Airport in Washington County, United States of America

Warren–Sugarbush Airport is a public use airport in Washington County, Vermont, United States. It is owned by Granite Intersection Inc. and is located two nautical miles (3.74 km) east of the central business district of the Town of Warren.

Although most U.S. airports use the same three-letter location identifier for the FAA and IATA, this airport is assigned 0B7 by the FAA but has no designation from the IATA.

== Facilities and aircraft ==
Warren–Sugarbush Airport covers an area of 125 acre at an elevation of 1,470 feet (448 m) above mean sea level.
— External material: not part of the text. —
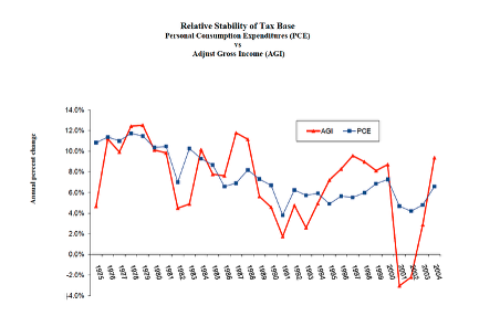 Ed: Social Security and Medicare are already facing insolvency. Benefits will drop 21% in 2023 if Congress fails to act now. Switching the funding base for these vital programs from payroll to consumption assures a more stable and growing base. The following graph shows that the volatility of personal consumption is far less than adjusted gross income, which tracks closely with payroll.

It has one runway designated 04/22 with an asphalt surface measuring 2,575 by 30 feet (784.8 x 9.1 m). For the 12-month period ending January 1, 2005, the airport had 18,500 aircraft operations, an average of 51 per day: 100% general aviation. At that time there were 70 aircraft based at this airport: 29% single-engine, and 71% gliders.

== Events and tourism ==
The airport is mainly used for private aircraft (seasonal), but during the summer a soaring company called Sugarbush Soaring operates a glider service, offering scenic rides and lessons from May-September. The airport closes in the winter when snow is on the ground and is transformed into a Nordic ski center called Ole's. Ole's uses the airport and surrounding land for trails.